WHAT YOU ARE ASKED TO DO:
Pictures aside, reproduce exactly and only the lines below, starting at the one containing "Ferieboligen er beliggende" and ending at the last line.

RECORDED INFORMATION:

***

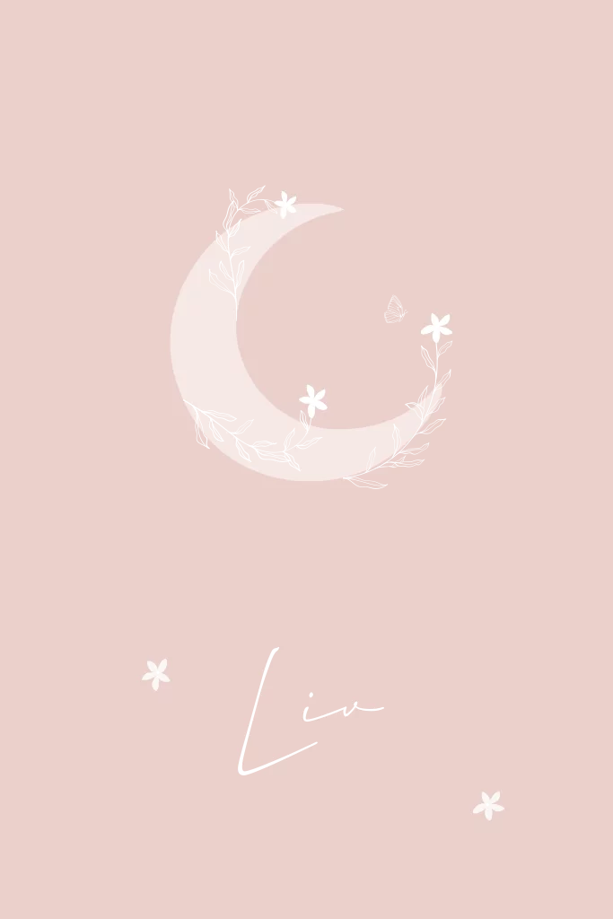 Lief roze geboortekaartje met maan met madelief bloemen rondom de maan. De vlinder, takjes, babynaam en knopjes van de bloemen worden gedrukt in rosegoudfolie. Liever een andere kleur achtergrond of bijvoorbeeld andere folie? Pas het gemakkelijk aan in de handige editor.
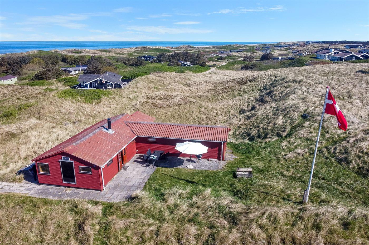 Ferieboligen er beliggende på en 4246 m² stor klitgrund. Der er 300 m til havet. Nærmeste forretning er beliggende i en afstand af 5000 m. Til ferieboligen hører åbent terrasseareal. Der er redskabsrum. Sandkasse. Udendørs bruser. Grill til rådighed. Parkering ved ferieboligen.
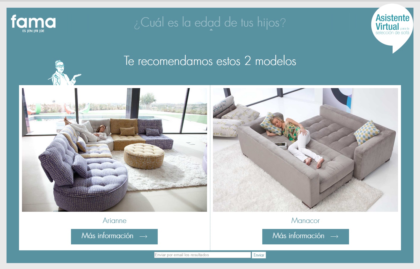With some simple questions, the Fama Virtual Assistant will find the sofa of your dreams.

***

RESPONSE TO THE EXERCISE:
 Ferieboligen er beliggende på en 4246 m² stor klitgrund. Der er 300 m til havet. Nærmeste forretning er beliggende i en afstand af 5000 m. Til ferieboligen hører åbent terrasseareal. Der er redskabsrum. Sandkasse. Udendørs bruser. Grill til rådighed. Parkering ved ferieboligen.
With some simple questions, the Fama Virtual Assistant will find the sofa of your dreams.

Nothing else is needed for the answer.